É ai que pode estar o xis da questão. 

 Tudo muito lindo para os servidores, tudo horroroso para a população sem esperança, pois o rombo anunciado de R$ 170 bi não comportaria mais esse gasto extraordinário e que alguém precisa pagar, mas tudo pode não passar de um jogo de cena, até que o impeachment se concretize de fato. 

O efeito num primeiro momento é devastador e suficiente para demover Senadores que antes estavam irredutíveis pelo afastamento definitivo de Dilma Rousseff já começassem a rever seus conceitos, votos e opinar sobre as questões que vão além do aumento aprovado na Câmara. 
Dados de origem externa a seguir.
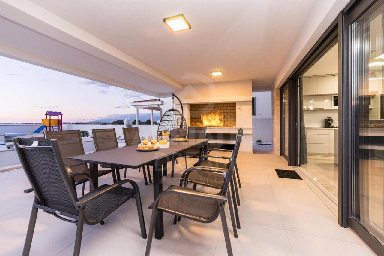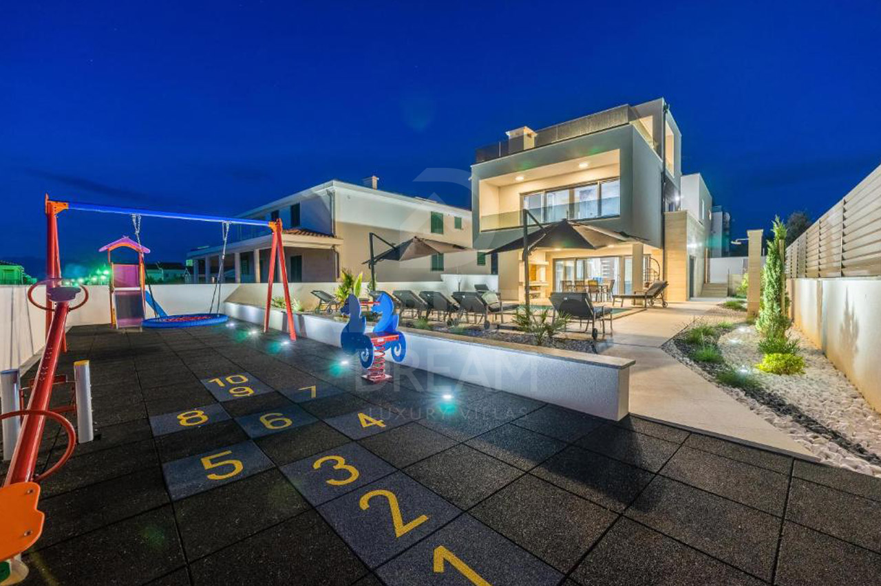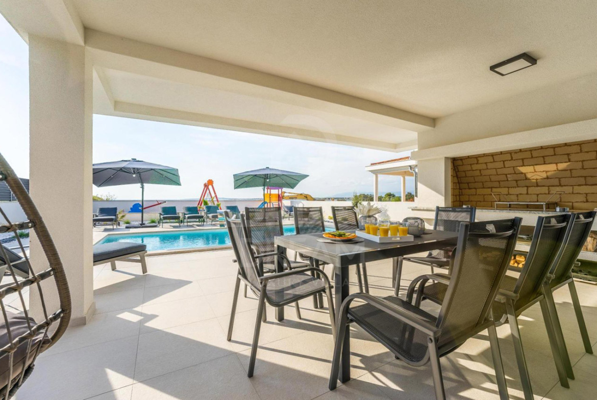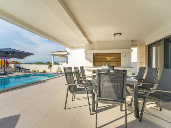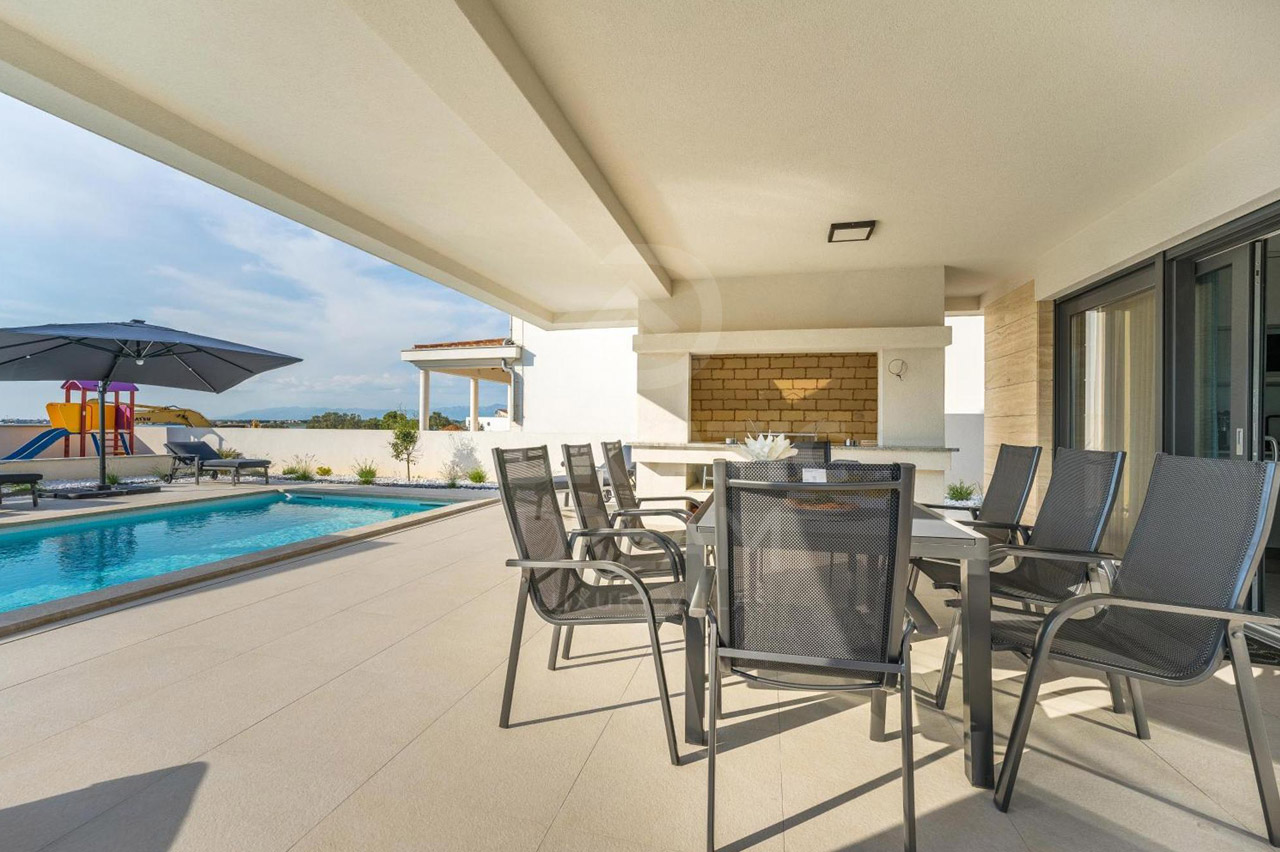 This unique property stands out not only for its modern architecture and refined design but also for its exceptional location. The villa offers direct access to both pebble and sandy beaches, while shops, public transport, ATMs, and essential amenities are nearby. The historic towns of Nin and Zadar are within easy reach, combining exclusivity with everyday convenience.

A dose, ou melhor overdose, foi suficiente para que a população esquecesse momentaneamente os áudios gravados por Sérgio Machado, e a mídia (golpista ou não) só falasse no assunto.

 Conveniente não? 

 O impeachment passando, o Senado ainda pode rejeitar as bondades aprovadas na Câmara, ou mesmo que não queira se comprometer com os servidores podem deixar a batata, que a esta altura já estará bastante quente, para o próprio Michel Temer usar o seu poder de veto, recolocando os funcionários públicos na vala comum dos que vão pagar a conta do deficit e onde já se encontra os outros pobres mortais brasileiros. 

 Feito isso, poderão retomar o discurso de austeridade anunciado reiteradas vezes por Henrique Meirelles e repetido por Michel Temer que tem se esforçado para deixar de ser decorativo, e o recuo tão comum nesta gestão, nem será criticado, afinal de contas Temer não tem compromisso com o erro, pelo menos eu espero que não. 

 Se eu estiver divagando no tema, completamente equivocado, o Brasil vai estar lascado.